This guest editorial was developed by Cureety based on discussions with oncology leaders about the future of cancer care delivery. Among those perspectives are insights from Dr. Maryam Lustberg, Chief of Breast Medical Oncology at Yale Cancer Center, whose expertise in patient-centered oncology care and symptom management helped inform several of the themes explored in this article. Her comments are included to provide clinical context on emerging opportunities to advance precision care.

Precision oncology has transformed cancer treatment.
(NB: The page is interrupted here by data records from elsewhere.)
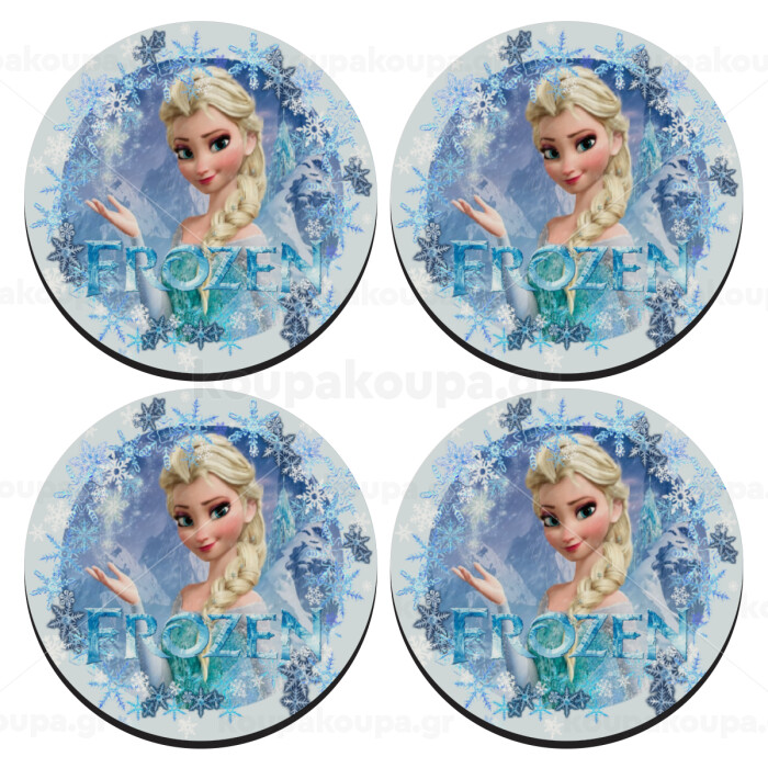 Frozen Elsa, ΣΕΤ 4 Σουβέρ ξύλινα στρογγυλά (9cm)
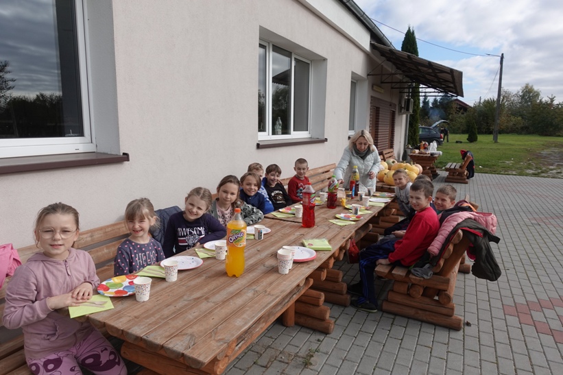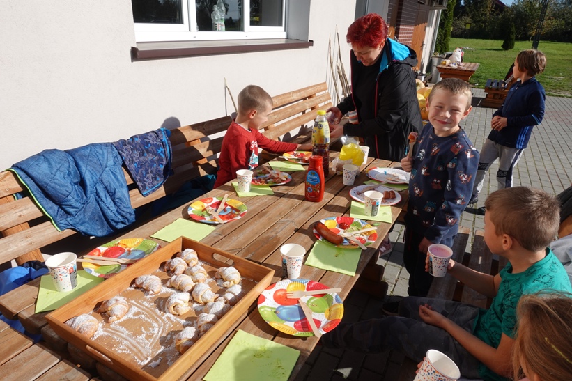 Serdecznie dziękujemy pani Kamili za dokonanie zakupów, pani Tamarze za upieczenie rogalików oraz panu Jackowi za przygotowanie ogniska i dostarczenie dyni.
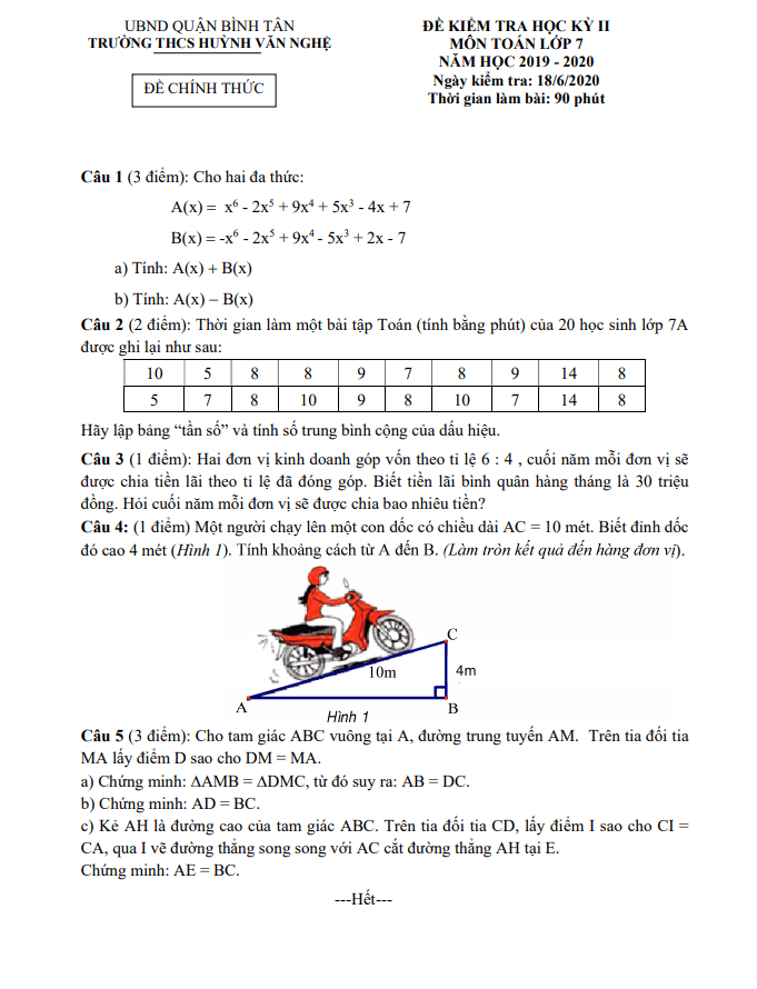 Trích đề thi học kì 2 Toán lớp 7 năm 2019 – 2020 tại trường THCS Huỳnh Văn Nghệ:
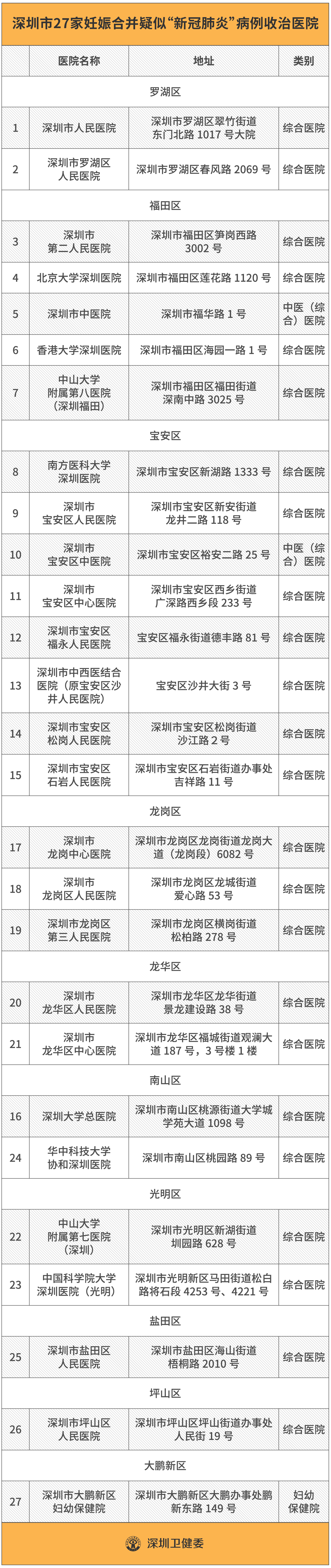 據悉,深圳共有27家妊娠合并新型冠狀病毒感染感染疑似病例市、區(qū)級收治醫(yī)院,其中,市級醫(yī)院8家,區(qū)級醫(yī)院19家,覆蓋深圳10個區(qū)(新區(qū))。
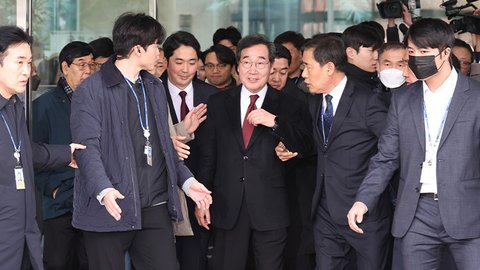 (사진4 설명) 더불어민주당 이낙연 전 대표가 2024년1월11일 탈당 및 신당 창당을 선언한 뒤 회견장을 나서고 있다. /연합뉴스
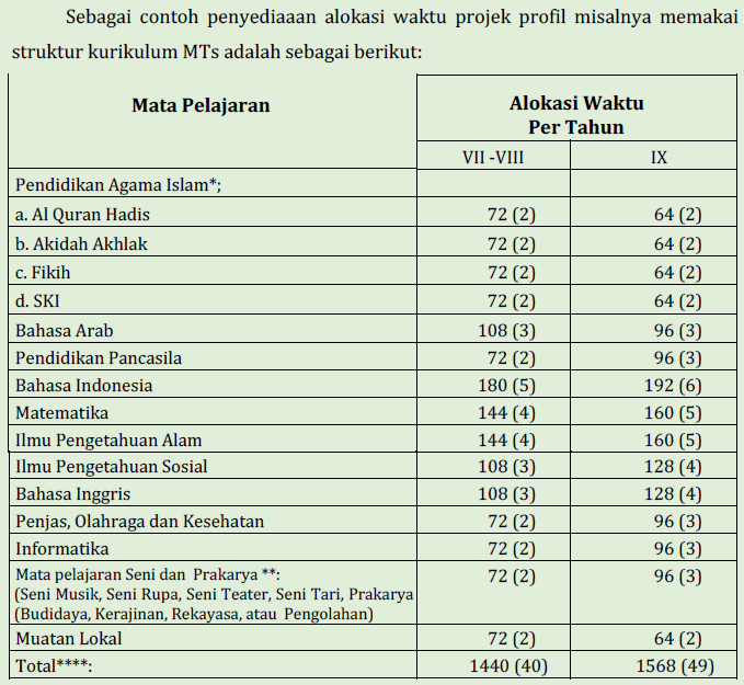 Jam pelajaran di atas adalah untuk kegiatan intrakurikuler, satuan pendidikan
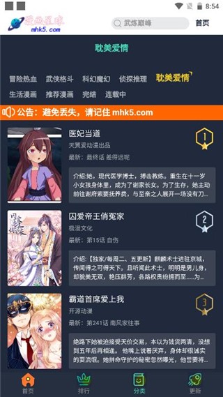 4、点击分类按钮,根据个人喜好选择漫画类型
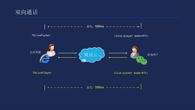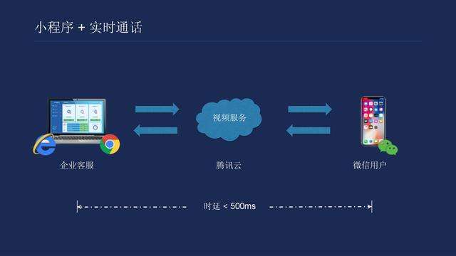 说一下双面音视频,如果两个人聊就是两个朋友或者关系很好的人,这叫交友。但是如果放在企业里面,放在客服系统上这就完全不一样了,比如在线的客服系统,就有很大的优势,相比于传统的一些电话系统。我们可以看这样一个场景,早晨开车上班,迟到了老板没有等到回报,很着急。这时候车擦了,你等着定审的人过来,堵塞交通一两千就罚掉了。这个时候特别希望在线视频就可以解决。我们有很多客户尝试使用APP解决相关问题。但是很多用户抵触心理很强。如果这个时候你跟他说点个链接,在小程序里面搜一个什么什么保险,就可以完成这个简单的流程,后续接入视频通话,在这里拍一个照,然后那边定损人员一看你权责,他权责,这样保险公司和用户都很喜欢。
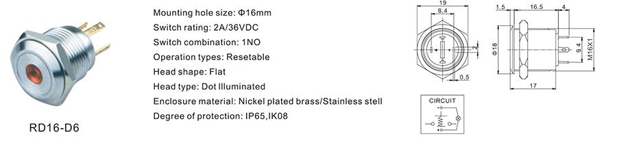 金屬開關(guān) | RD16-D4 | 36VDC | 2A | / | / | ≥100,000 CYCLES | 立即申請 | 下載 |
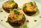 Грибные шляпки с начинкой из жареной панчетты (или другой разновидности бекона), мелко нарезанными ножками грибов, овощами и сыром, запеченные в духовке.
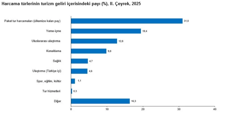 Paket tur harcamalarının toplam turizm gelirindeki payı yüzde 31, yeme-içme harcamaları yüzde 19,4, uluslararası ulaştırma harcamaları yüzde 12,8 olarak gerçekleşti. Bir önceki yıla göre uluslararası ulaştırma harcamaları yüzde 13,8, yeme-içme harcamaları yüzde 13,7, tur hizmetleri harcamaları yüzde 12,5 artış gösterdi.
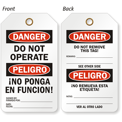 Two-Sided Bilingual OSHA Safety Tag is great for cautioning both English and Spanish speaking workforce in your facility.
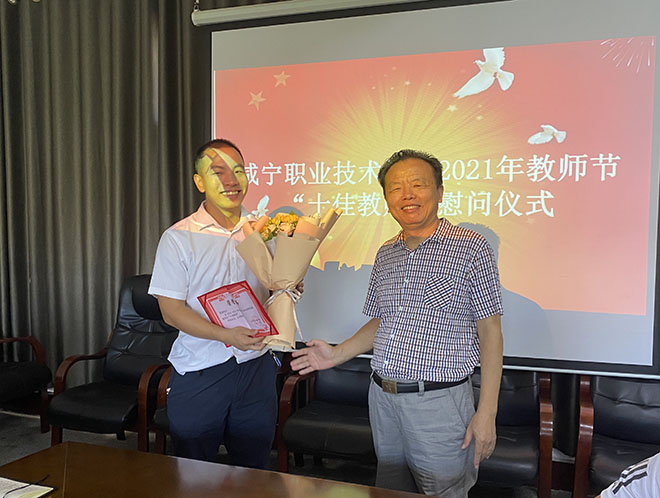 慰问会中,吴高岭向“十佳教师”吴昊颁发了荣誉证书,并赠送鲜花。吴昊老师表态说,感谢学校为他提供了学习的平台,在今后的工作中将更加努力地做好园林技术专业技能竞赛和教育教学工作。

Molecular diagnostics, targeted therapies, immunotherapies, and individualized treatment pathways have enabled clinicians to better match therapies to the unique biology of each patient.

Yet as cancer treatment becomes increasingly personalized, care delivery must continue to evolve as well. For patients, the cancer journey is shaped not only by the therapy they receive, but also by how symptoms are monitored, how side effects are managed, how concerns are addressed between visits, and how care adapts to their changing needs.

This broader approach is often described as precision care: care that is proactive, personalized, responsive, and centered on the individual patient throughout the treatment journey.

Precision Medicine Is Only Part of the Story

Precision medicine is often understood as delivering the right treatment to the right patient at the right time. That remains a critical goal in oncology. However, truly personalized cancer care extends beyond treatment selection.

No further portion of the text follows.